# Orthogonalized Alternating least squares for CANDECOMP/PARAFAC (CP) Decomposition

The function `cp_orth_als` is a modification of the standard CP-ALS method by orthogonalizing the factor matrices before each iteration. The parameter `'stop_orth'` can be used to stop the orthogonalization after a fixed number of iterations.

**IMPORTANT NOTE:** This method may not converge and may not produce orthgonal factors. It is a specialized method for a specific purpose.

Orthogonalized ALS (Orth-ALS) is a modification of the ALS approach that provably recovers the true factors with random initialization under standard incoherence assumptions on the factors of the tensor. This algorithm is a modification of the ALS algorithm to "orthogonalize" the estimates of the factors before each iteration.
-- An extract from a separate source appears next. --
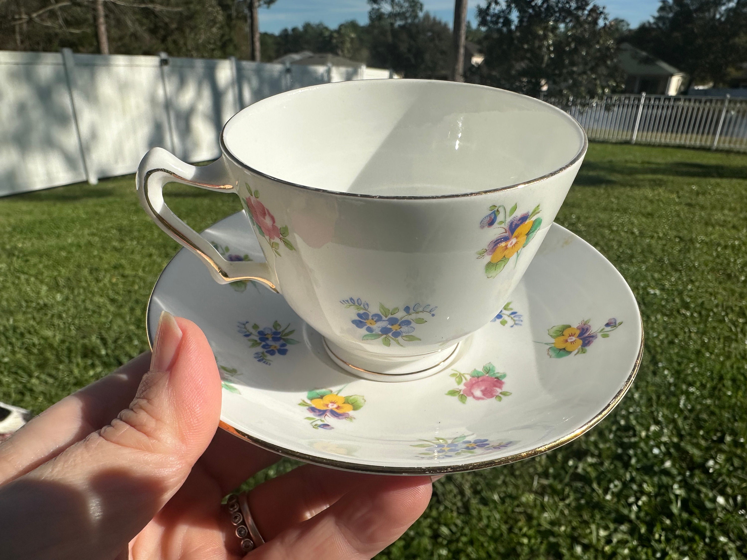 Beautiful rare Rose English Tea Cup and Saucer Tea cup adored with English roses. Staffordshire China.

Intuitively, this periodic orthogonalization prevents multiple recovered factors from "chasing after" the same true factors, potentially allowing for the avoidance of local optima and more rapid convergence to the true factors.

Refer to the paper for more details:

- V. Sharan and G. Valiant. Orthogonalized ALS: A theoretically principled tensor decomposition algorithm for practical use. In International Conference on Machine Learning, 2017.

## Contents

## Recommendation

In practice, we have observed that it is sometimes useful to orthogonalize the factor estimates for a few iterations, and then continue with standard ALS. This is true when factors have a high correlation with each other, such as in low-dimensional settings. Our advice to practitioners would be to tune the number of steps for which orthogonalization takes place to get the best results.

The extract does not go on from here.